OHIO STATE HOSTS THE CUNY CONFERENCE ON HUMAN SENTENCE PROCESSING

In March, Ohio State hosted the 27th annual CUNY Conference on Human Sentence Processing. The conference was sponsored by the National Science Foundation and the arts and humanities in the College of Arts and Sciences. It was chaired by Shari Speer, linguistics department chair. The organizing committee was composed of faculty and graduate students from linguistics, psychology and English, including courtesy faculty member Laura Wagner (psychology) and linguistics graduate students Abby Walker and Rory Turnbull.
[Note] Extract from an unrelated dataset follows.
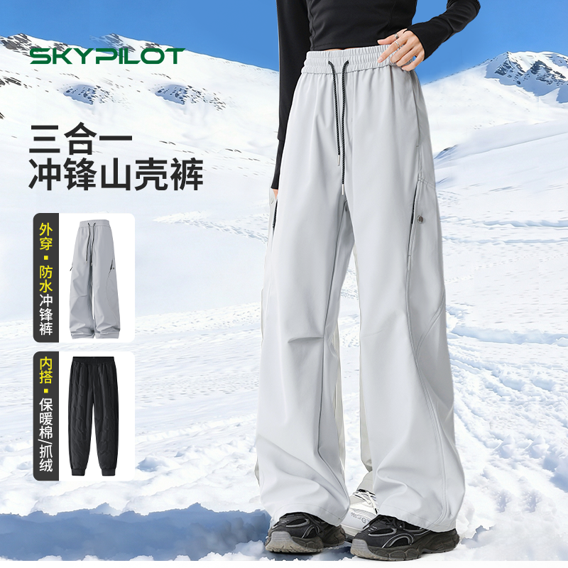 SkyPilot charging pants women's fleece thickened winter northeast windproof waterproof and coldproof ski pants warm cotton pants men

The CUNY Human Sentence Processing conference is the premier peer-reviewed event in North America for scientists interested in how humans comprehend and produce language. With attendees from the U.S., UK, Canada, Germany, Japan, Russia and beyond, it is truly an international conference. Over the years, the conference has been remarkably successful as an interdisciplinary forum, drawing researchers from the fields of linguistics, psychology, computer science, neuroscience and philosophy, and this year was no exception.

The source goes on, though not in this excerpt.